■ Exercise requirements
Go through the listing below and retype exactly the lines starting at the one with "给这个值命名为 BypassTPMCheck,然后类似地创建另一个名为 bypassecurebootcheck" and ending at the one with "Seeking the peace", skipping pictures.

■ Exercise inputs
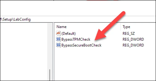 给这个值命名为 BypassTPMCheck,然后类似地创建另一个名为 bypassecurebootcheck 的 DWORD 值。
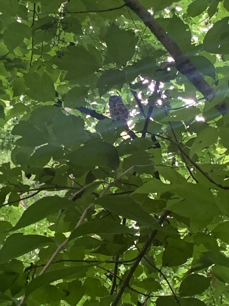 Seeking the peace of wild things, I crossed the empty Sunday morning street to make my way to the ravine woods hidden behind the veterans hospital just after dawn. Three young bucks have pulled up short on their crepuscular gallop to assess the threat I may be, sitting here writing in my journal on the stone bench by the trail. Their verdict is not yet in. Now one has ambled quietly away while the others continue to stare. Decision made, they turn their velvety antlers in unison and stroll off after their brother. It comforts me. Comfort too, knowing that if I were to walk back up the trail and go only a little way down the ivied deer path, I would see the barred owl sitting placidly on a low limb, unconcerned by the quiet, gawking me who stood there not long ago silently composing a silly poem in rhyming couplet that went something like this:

* * *

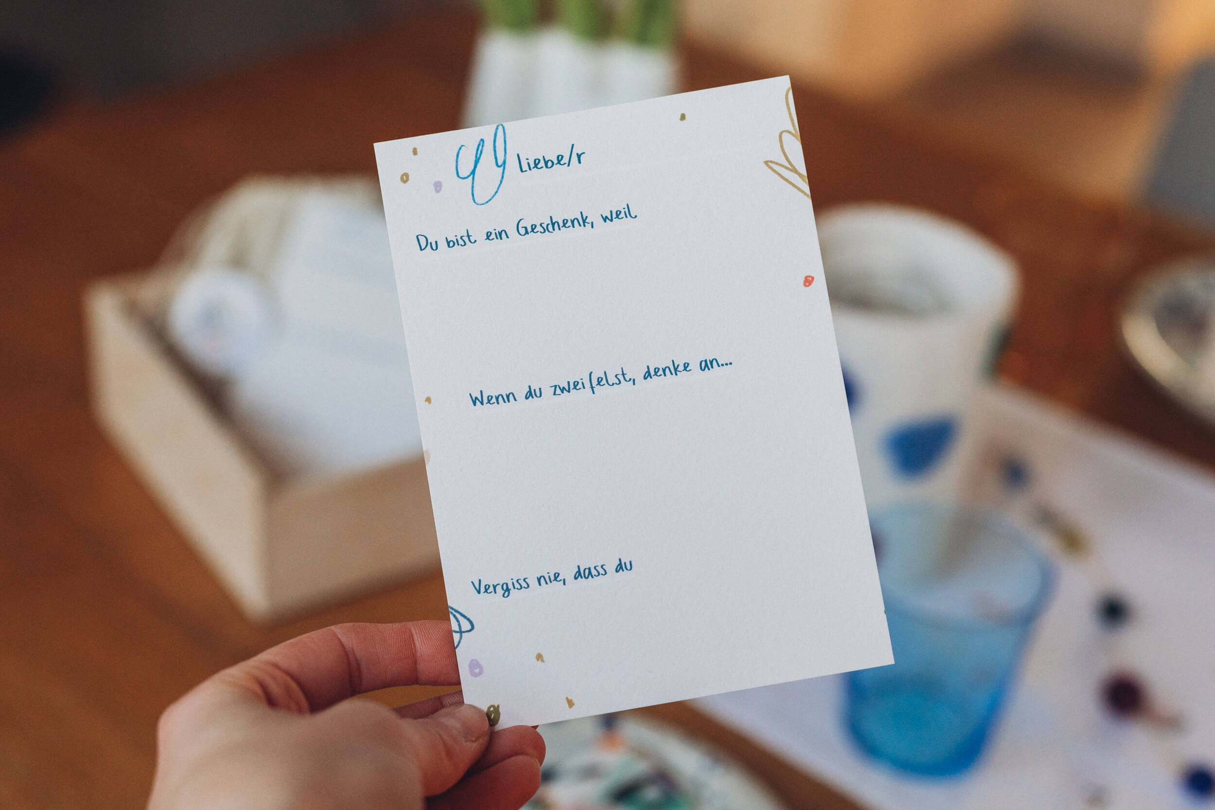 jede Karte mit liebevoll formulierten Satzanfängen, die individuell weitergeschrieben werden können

...

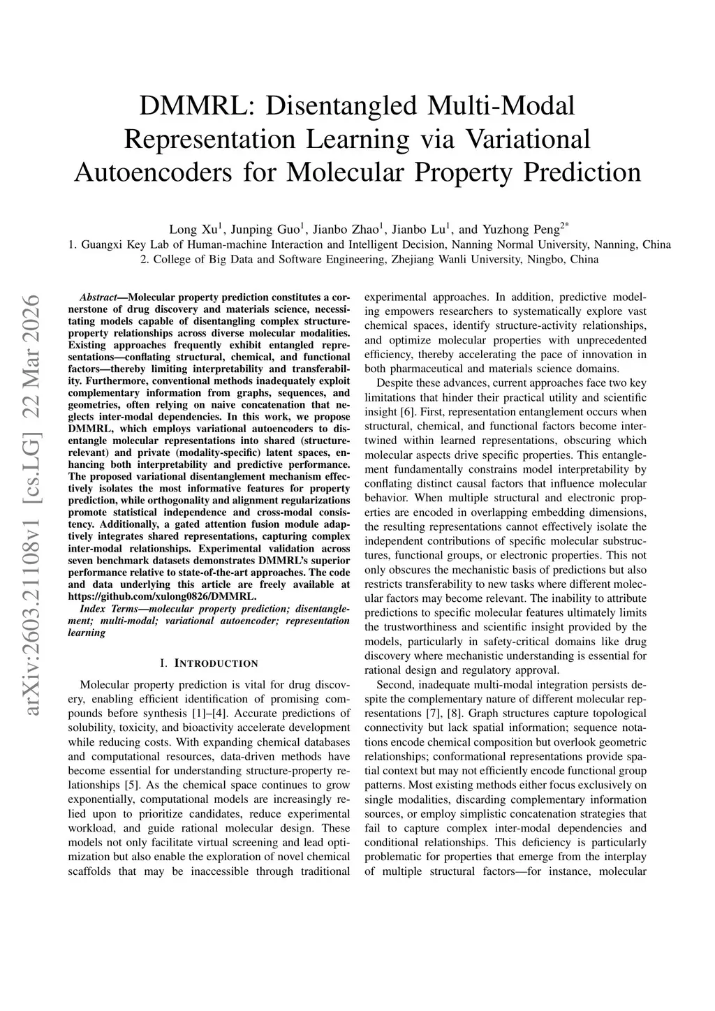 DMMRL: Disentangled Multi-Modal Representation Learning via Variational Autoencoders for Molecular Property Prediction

■ Result of this exercise
 给这个值命名为 BypassTPMCheck,然后类似地创建另一个名为 bypassecurebootcheck 的 DWORD 值。
 Seeking the peace of wild things, I crossed the empty Sunday morning street to make my way to the ravine woods hidden behind the veterans hospital just after dawn. Three young bucks have pulled up short on their crepuscular gallop to assess the threat I may be, sitting here writing in my journal on the stone bench by the trail. Their verdict is not yet in. Now one has ambled quietly away while the others continue to stare. Decision made, they turn their velvety antlers in unison and stroll off after their brother. It comforts me. Comfort too, knowing that if I were to walk back up the trail and go only a little way down the ivied deer path, I would see the barred owl sitting placidly on a low limb, unconcerned by the quiet, gawking me who stood there not long ago silently composing a silly poem in rhyming couplet that went something like this:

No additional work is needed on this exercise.